Glen Orchy is about 17 km or 11 miles long, and runs south-west from Bridge of Orchy to Dalmally following the River Orchy through the Caledonian Forest. There are no settlements in the glen: just a few isolated buildings. The Eas Urchaidh and Eas a’ Chathaidh are waterfalls within the glen. The continuation westward past Dalmally to Loch Awe is known as the Strath of Orchy.
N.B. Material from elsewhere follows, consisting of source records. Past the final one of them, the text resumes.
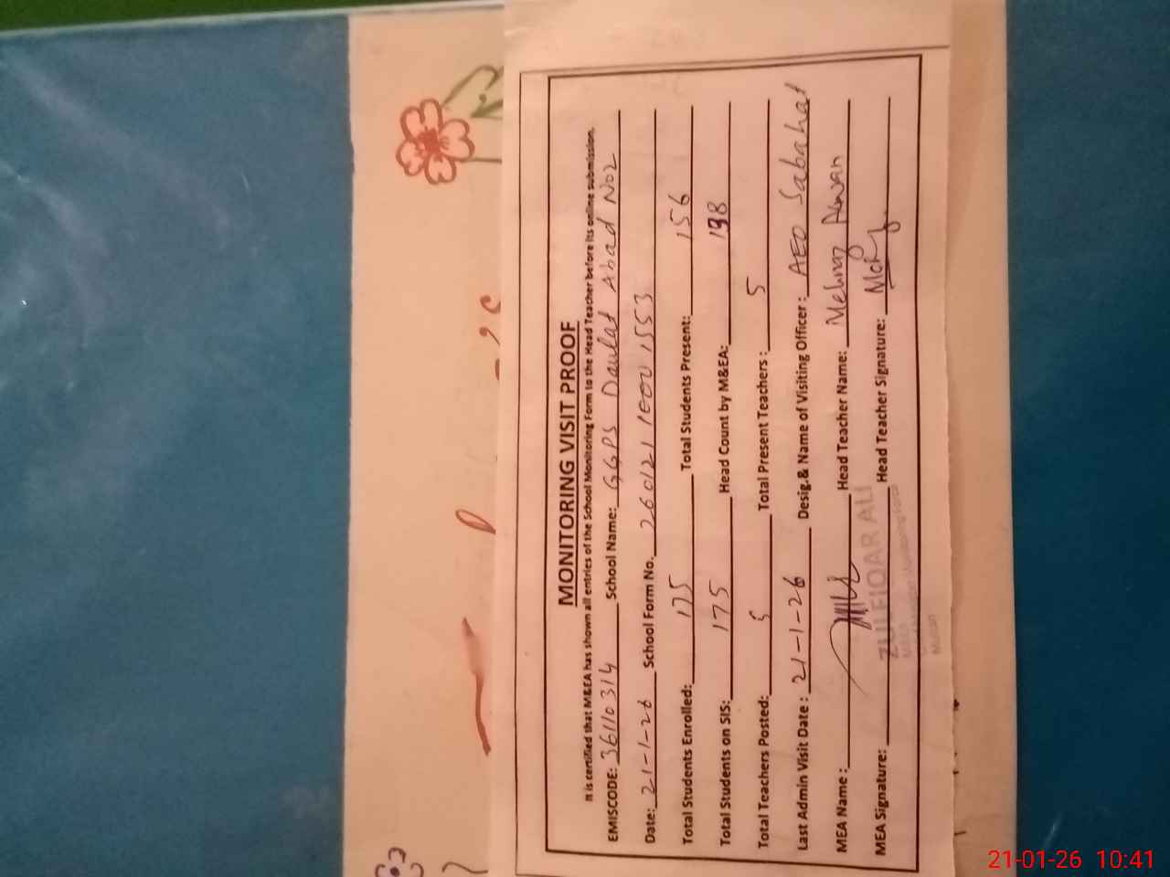 | Certified that this School was Inspected by the Undersigned MEA/DMO Today and the Information Stated Above is as Per Record. | |||||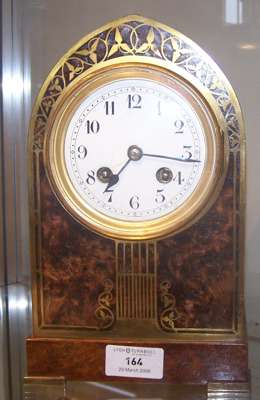 A burr walnut and brass inlaid Edwardian mantel clock,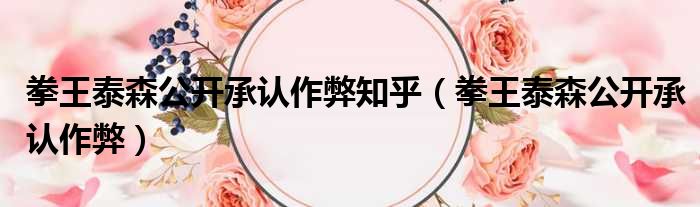 拳王泰森公開承認作弊知乎(拳王泰森公開承認作弊)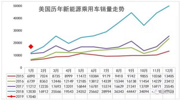 近日,乘聯(lián)會(huì)發(fā)布數(shù)據(jù)顯示,2019年1月美國(guó)新能源銷售1.7萬輛,同比增長(zhǎng)45%,其中純電動(dòng)車型銷售10620輛,插電式混合動(dòng)力車型銷售6420輛。事實(shí)上,近年來美國(guó)新能源車銷量數(shù)據(jù)總體走勢(shì)較好,尤其是去年7月以來持續(xù)高增長(zhǎng),但結(jié)構(gòu)性分化特征較明顯,剔除明星車型Model 3后的增速相對(duì)一般。

The B8074 road runs the length of Glen Orchy.

==Name==
Glen Orchy was known by the by-name of Gleann Urchaidh nam badan (Glen Orchy of the copses), and the parish of Glen Orchy was An Dìseart (the hermitage), a name appearing in Clachan an Dìseirt (the village of the hermitage), the local Gaelic name of the village of Dalmally.

==History==
Glen Orchy was one of the major homes of Clan Gregor until the clan was outlawed in 1603 by King James VI. The settlement of Glenorchy, in New Zealand, was named after Glen Orchy.

==Notable people==
One of the better known inhabitants of the glen was Duncan Ban MacIntyre.

==Sport==
Glenorchy Camanachd is a shinty team from Dalmally in the Strath of Orchy.

==In popular culture==
"The Bridge at Glen Orchy" is referred to in the 1995 film Rob Roy, as the place where Rob Roy MacGregor (Liam Neeson) is to be lynched for rustling the cattle and kidnapping the Factor of the Duke of Montrose (John Hurt).